Friday, August 20, 1999

Missing tourists’
families due here

Authorities are searching
for two Danish women
missing since Saturday

By Jaymes K. Song


While authorities continued their Windward Oahu search today for two young Danish women who have been missing for almost a week, residents of their hometown thousands of miles away were praying for their safe return.

As of this morning, there have been no signs of Marianne Konnerup and Anitta Winther since they hiked into Kahana Valley State Park on Saturday.

Meanwhile, residents of the women's small hometown in Northern Judland, Denmark, are becoming more and more concerned.

"The women are from a small village of about 2,000 people in the countryside," said journalist Kjeld Christiansen of the Ekstra Bladet, a national newspaper based in Copenhagen. "Everyone knows each other and (is) trying to comfort the family. Everyone knew those girls since they were small babies."

The women's story has headlined every major newspaper, television station and radio in Denmark since their disappearance, Christiansen said.

Yesterday, officers from the police and fire departments and the state Department of Land and Natural Resources searched Kahana Valley and the Sacred Falls area with helicopters and dogs.

"We will continue to search for them," said Honolulu Police Chief Lee Donohue.

The women's families were expected to arrive in Honolulu today.

"We're meeting with the families to let them know what information we have," Donohue told reporters yesterday. "We don't have anything that suggests any foul play at this time."

Konnerup and Winther, both 21, were last seen Saturday right outside Kahana Valley, Donohue said.

But the names of the missing women were not on a Kahana Valley log book used by visitors to sign in and sign out, police said.

Hauula Fire Capt. Roger Dehay said most missing hikers are found immediately or the next morning.

Most hikers get lost when they get "caught by the dark" and can't find their way out, Dehay said.

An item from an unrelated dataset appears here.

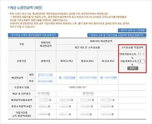 4. 예상수령액은 현재 기준과 최근 5년간 소득상승률에 따라 달라진다고 하는데요. 최저는 3.2%, 평균은 4.1%, 최고는 4.9%라고 해요. 특히 오른쪽 상단에서 본인이 직접 선택해서 비교할 수 있다고 해요.

Others get lost when they leave the trail.

Dehay described Kahana Valley hike as "rugged and longer" than Sacred Falls, where eight people were killed in a Mother's Day rockslide.

Kahana Valley has several trails and it is easy to get lost.

"When we went up, we scratched our head and had to find out where to go," he said.

Police have fielded 50 to 60 leads from the public about the missing women.

On Saturday, the women told their host family in Hawaii Kai that they were going hiking on the North Shore and would be back at about 6:30 p.m., Donohue said.

The women's bikes were left locked in parking spaces at Hawaii Kai Foodland, and it's thought they caught TheBus to go the windward side.

Detectives said the women have been staying with their host family since June 20.

They were planning to stay in Hawaii for three more months before traveling to Thailand, Fiji or Australia.

"If anyone sees these young ladies, please let us know," Donohue said.

Star-Bulletin writer Harold Morse contributed to this report.